British satire is terrible and it's not my fault
You can't speak truth to power and expect to earn a living
In the opening scene of Andrei Tarkovsky’s Andrei Rublev (1966), a skomorokh or mediaeval Slavic harlequin, entertains a crowd of villagers sheltering from a rainstorm. He mocks everyone – the Church, the local barons, the three monks who enter to shelter too. After his act is done, he’s arrested, knocked unconscious and has his instrument smashed; we watch the soldiers’ horses disappear into the rain.

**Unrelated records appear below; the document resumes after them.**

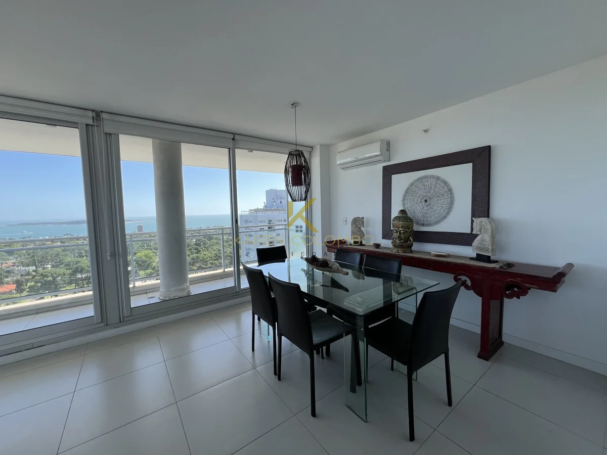 2 dormitorios, 2 baños, amplio living comedor con salida a una espectacular terraza con vista panorámica al mar, cocina definida, terraza lavadero, unidad de garage en subsuelo.
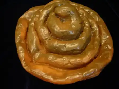Какашка сделана из метала и покрыта золочением (золото, конечно не настоящее). Диаметр её примерно 1.2 см.
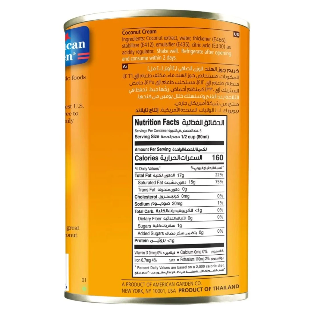 كريمة جوز الهند من أمريكان جاردن، سعة 400 ملل، تُضفي نكهةً كريميةً مميزةً على أطباقك أو مشروباتك المفضلة، وهي مثالية لتحضير الكاري اللذيذ والشوربات الكريمية والحلويات الشهية والأطباق النباتية والمشروبات المنعشة. تُضفي كريمة جوز الهند هذه نكهةً غنيةً ونكهةً أصيلةً على أطباقك. مُعبأةٌ بشكل مريح في علبة لحفظ النكهة مع سهولة التخزين والاستخدام. حسّن مذاق وجباتك وفاجئ عائلتك أو ضيوفك بوجبة منزلية شهية مع كريمة جوز الهند من أمريكان جاردن. كما أنها لذيذةٌ في الحلويات والأطباق الحلوة مثل الفطائر والبودينغ. تُقدم لكم أمريكان جاردن أطعمةً عالية الجودة من الولايات المتحدة الأمريكية وحول العالم. مجموعتنا الواسعة من الأطعمة الأصيلة مثاليةٌ للمشاركة مع الأصدقاء والعائلة.

It’s pretty clear that most professional comedians haven’t dealt with comedy at that level of jeopardy for a while. Jesters are the ultimate comic edgelords, as their lives are dependent on how their acts go down. The life of a writer or performer on a satire show like The Mash Report or Have I Got News for you isn’t quite that hazardous; it’s studio side rooms and hastily-bought Meal Deals – and for content it’s a world of sensitivity readers and release forms. The world of the people of these shows isn’t, by all accounts, that big, and the people all know each other; there are accepted joke formats, there are words audiences laugh at. Tinder. Croydon. The Liberal Democrats. There are rhythms of British satire – the voice going up at the end, the horrified stare, arms splaying out on the desk – and behind all that an implicit knowledge as to which targets are and aren’t safe.
So why is it so bad? And I mean bad in a way which is quite fundamental; not bad because of the quality of the craft, or the sophistication of the production, but bad as satire. It seems that a lot of British satire now operates out of a fundamental misunderstanding of what satire actually is – which isn’t, by the way, articulating boilerplate leftish opinions in a voice which goes up at the end.
In my lifetime Mark Thomas brought in the idea of the satirist as activist, highlighting injustice to effect social change. Growing up I thought he was the bees knees, but that was also at a time when my politics completely overlapped with this. His dropping of the word ‘Comedy’ to present purely ‘The Mark Thomas Product’ was though a truly honest move – there comes a point where you have to choose between the activism and the comedy, where the good point outweighs the requirement for a laugh. And Thomas’s activism did a lot of good; it just wasn’t, in my view, satire, as it continued to hold onto the possibility of fixing the world. In that sense ‘Spitting Image’, with its gallery of pure grotesques, is closer to authentic satire than Mark Thomas was. The issue there was and is the quality of the – pun intended – material.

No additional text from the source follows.